Гермоген выслушал перевод, кивнул. Забрав у него из рук лист пергамента, он протянул Андрею следующий. Этот лист был написан на английском и читался легче. Прочитав, Андрей и его перевел.

Сначала он читал текст механически, но потом, увидев удивленное лицо Гермогена, прочитал текст еще раз, для себя.

Письмо было списано с подлинника, в котором Иван Грозный обращался к английской королеве с предложением дружбы и выражением согласия на благосклонность к торговле на Руси английских купцов.

– Верно ли толмачишь, Андрей?

– Истинно! Дважды перечитал.

– Интересно! – Гермоген задумался. – Ладно, иди занимайся. Похоже, я в тебе не ошибся.

Андрей встал.

– Надеюсь, тебя не надо предупреждать, что кому-либо говорить о письме нельзя. Даже Викентию.

– А ты сомневался, отец Гермоген?

– Предупредил. За длинный язык можно поплатиться.

В конце письма не было подписи, но по тексту Андрей понял, кто его автор. Да и подлинник писал не он, а толмач из Посольского приказа. Иоанн только расписался и скрепил свиток государевой печатью. Но если так, то новгородцы имеют своего шпиона в самих верхах, в ближайшем окружении царя. Но не исключено, а вероятнее всего, абсолютно точно, что такой шпион, а может быть, и несколько, есть и в Новгороде, в многочисленных службах архиепископа. Ведь Новгород – республика, и самые важные решения принимаются на вече, где правят бал бояре. Кто-то из них склоняется к Польше, кому-то люба Москва. Вот в их рядах и есть осведомители.

Все это Андрей просчитал быстро.

– Ты что стоишь, Андрей? Али спросить чего хочешь?

– Как близко к царю Иоанну стоит ваш человек?

– Ты что, как ты мог подумать такое? – сразу побагровев, замахал руками Гермоген.

– Гермоген, я ведь читал письмо и понял, о чем речь.

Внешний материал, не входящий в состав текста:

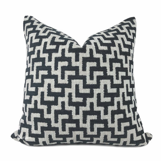 Gaius Dark Navy Blue Greek Key Chenille Pillow Cover (Fabric by the Yard available)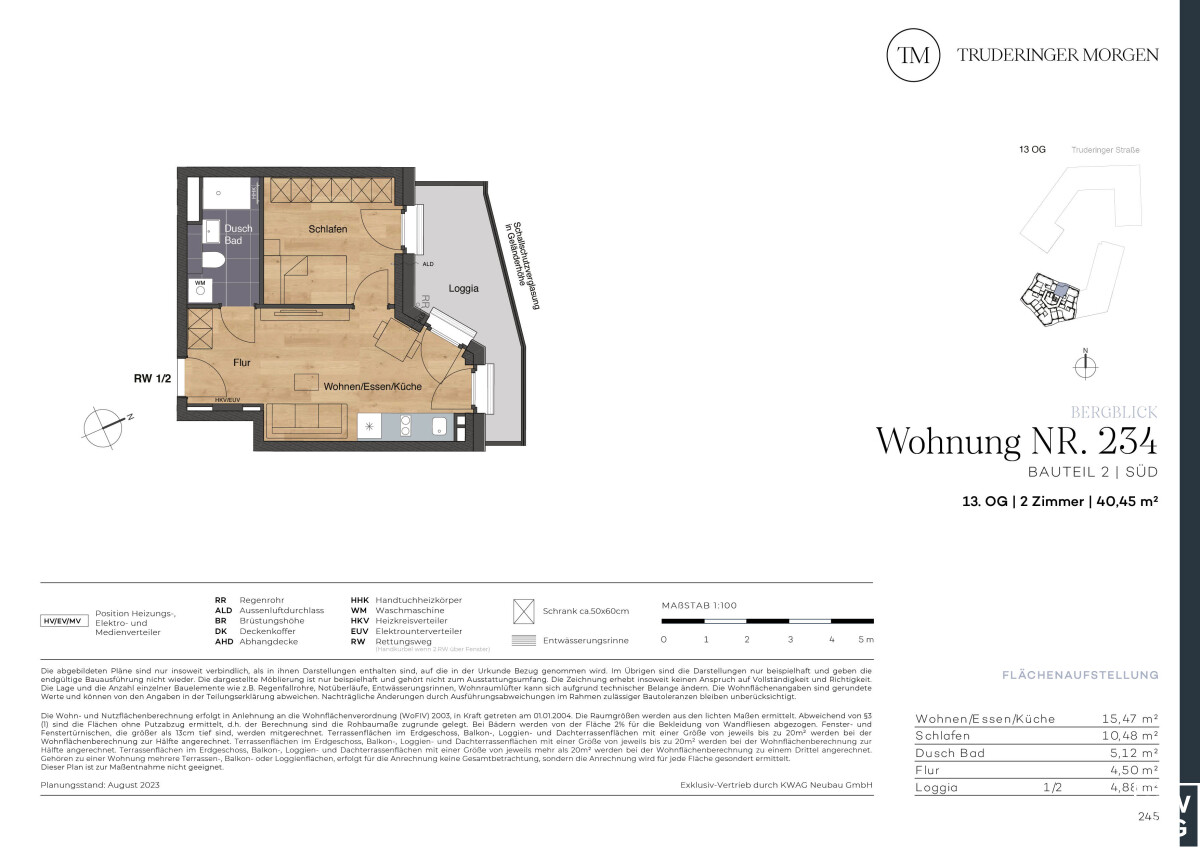 Die 2-Zimmer-Neubauwohnung befindet im 13. OG des Truderinger Morgen, im Bereich Bergblick. In diesem schönen Objekt erwartet Sie ca. 40,45 m² Wohlfühlambiente. Die 2-Zimmer-Wohnung ist auch gut als Kapitalanlage geeignet. Der Flur bietet Platz für Einbauschränke und führt in den offenen Wohn- und Essbereich. Dieser bietet zwei Zugänge zur anschließenden Loggia. Auch das Schlafzimmer verfügt über einen Austritt auf die schöne Loggia, welche sogar bei schlechtem Wetter die Möglichkeit bietet, frische Luft zu genießen. Im Duschbad erwarten Sie eine bodengleiche Dusche, ein Handtuchheizkörper, Markenausstattung sowie großformatige Fliesen. Bei der Materialauswahl des Objekts wurde besonderer Wert auf Nachhaltigkeit gelegt. Die moderne Wohnung begeistert mit elektrischen Rollläden und Fußbodenheizung. Gestalten Sie Ihr neues Heim im prosperierenden Münchener Osten mit perfekter Verkehrsanbindung und optimaler Infrastruktur für Arbeitsalltag und Freizeitgestaltung. Ergänzt wird der hohe Wohnkomfort mit ressourcenschonenden Technologien wie Photovoltaik und Mieterstrommodell.OBJEKT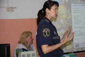 Особое внимание инспекторы обратили на то, как следует себя вести в случае возникновения пожара дома и в школе. Станислав Сергеев подробно ребятам разъяснил, как правильно должна проходить эвакуация из помещения, в котором возник пожар.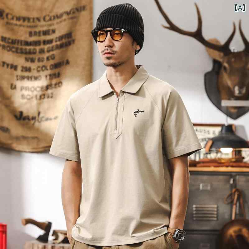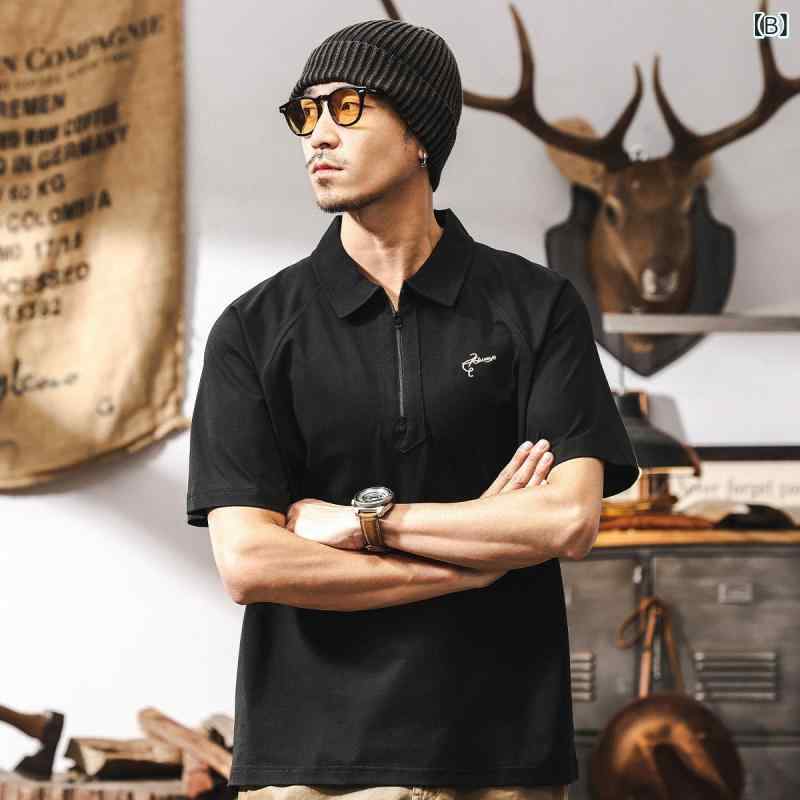・スタイル: アメカジ・主な素材: コーマ綿96%以上・柄: レタープリント・フィット: ルーズ・デザイン: プルオーバー・ネックライン: 襟付き・袖丈: 半袖・厚さ: 薄手・デザイン詳細: ジッパー装飾、刺繍・加工: ノーアイロン・カラー展開: カーキ、ブラック・サイズ展開: M、L、XL、2XL、3XL、4XL・カテゴリ: Tシャツ・袖型: ドロップショルダー・重量: 約250g〜300g未満・素材機能: 抗菌・対象年齢: 成人・対象性別: 男性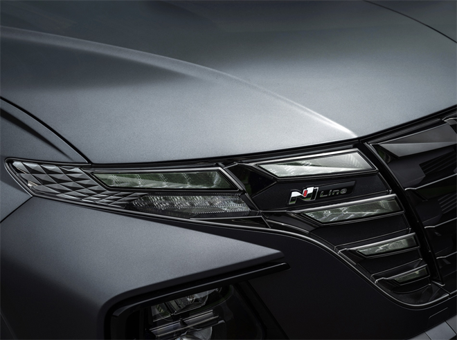 在當(dāng)下這個(gè)看臉的時(shí)代,高顏值車型往往令人眼前一亮,而途勝L N Line自設(shè)計(jì)之初便深諳其道。在外觀造型方面,途勝L N Line沿襲參數(shù)化設(shè)計(jì)主題,同時(shí)還傳承著現(xiàn)代汽車高性能N品牌的賽道基因,加入了更多細(xì)節(jié)化運(yùn)動(dòng)元素,如打造了235/55 R19專屬酷黑鋁合金輪轂,并在輪轂中間添加了標(biāo)志性的“N”字母元素,低調(diào)且吸睛。同時(shí),雙側(cè)單排氣管附著在車輛背面下端,后擾流板采用更明顯的銀色設(shè)計(jì),營(yíng)造出獨(dú)具特色的運(yùn)動(dòng)氛圍。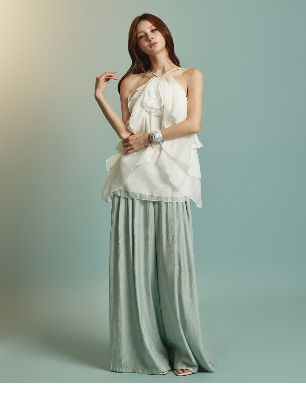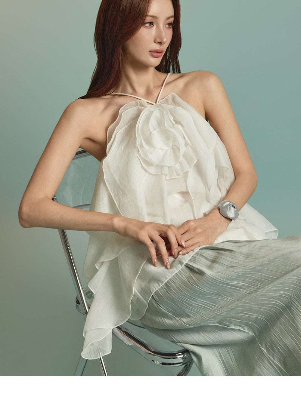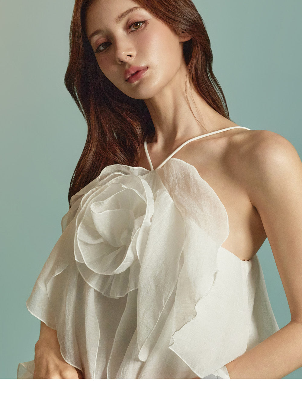 The halter neck design highlights the neckline,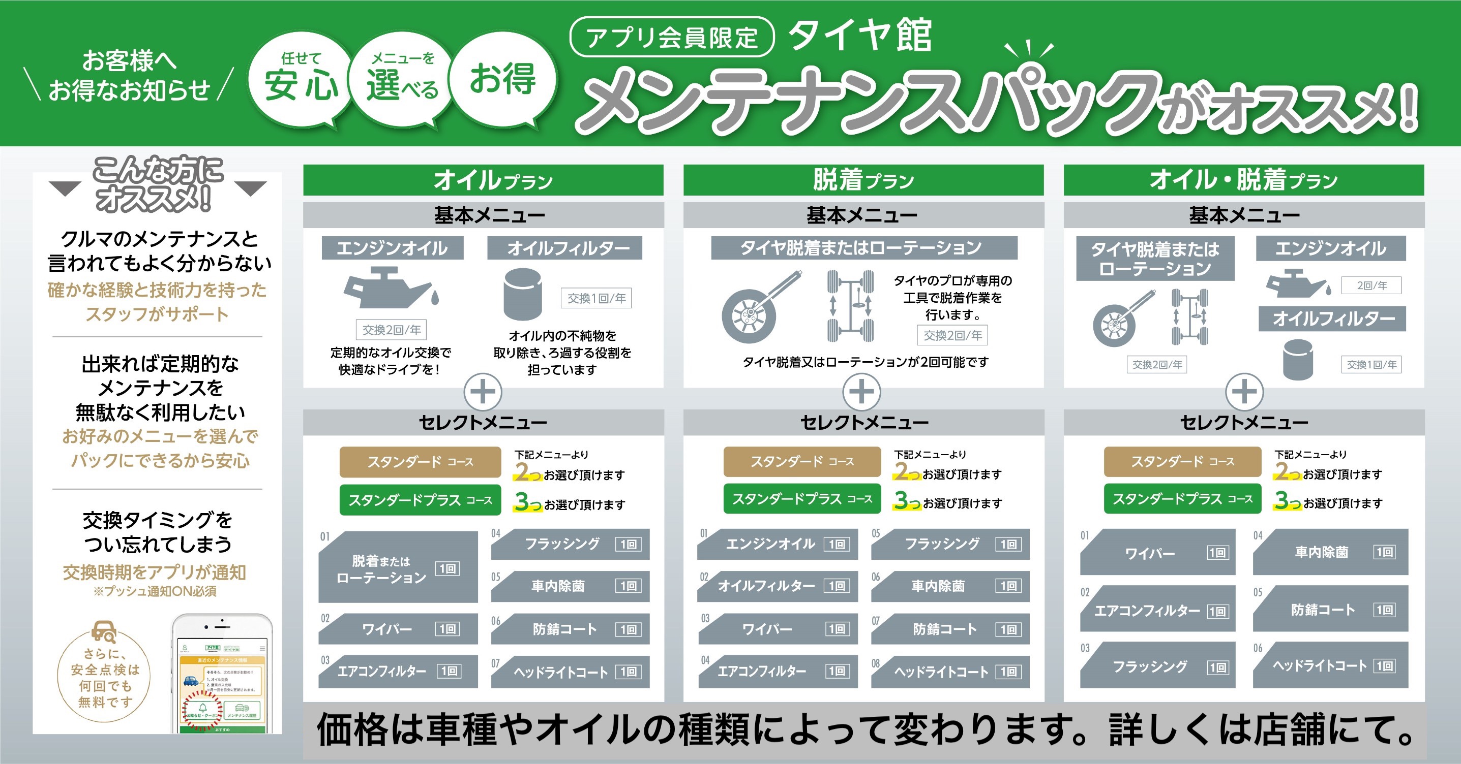 お車のメンテナンスは、タイヤ館の「メンテナンスパック」がお得!!

Его в лучшем случае держали в руках три человека – сам царь, толмач и писец. Ну, может быть, дьяк Посольского приказа. Кто-то же из них сделал список?

«Списком» называли копию.

– Ты слишком умен, Андрей, и умеешь из малого делать правильные выводы.

– Гермоген, я не все сказал. Если рядом с царем на самом верху, куда доступ только приближенным, стоит ваш человек, то шпионы Иоанна есть и в Новгороде. И, скорее всего, среди бояр. Но не исключено, что и среди братии Софийского храма.

– В Святой Софии? – Голос Гермогена сорвался. Вместо багрового он сделался бледным.

Он посидел так несколько минут.

– Кто?

– Откуда мне знать?

– Я пришел к такому же выводу через несколько лет, а ты – почти сразу. Это невероятно! Я доложу самому Пимену, предположение слишком серьезно.

– Да, подозрение серьезное, но не беспочвенное.

– Кто среди бояр на Москву смотрит, я знаю.

– Это еще не повод обвинять в измене.

– Верно. Но среди окружения архиепископа? Не верю.

– Как бы поздно не было потом.

– Неуж за деньги перешли?

– Вспомни Иуду.

– Хорошо, иди.

Так уж получилось, что они сказали друг другу не все. Часть просто умолчали, часть высказали намеками, но друг друга поняли. Для более далеко идущих выводов у Андрея не хватало информации и знания местных особенностей. Кто из бояр или священников какую политику ведет, в чем их интерес?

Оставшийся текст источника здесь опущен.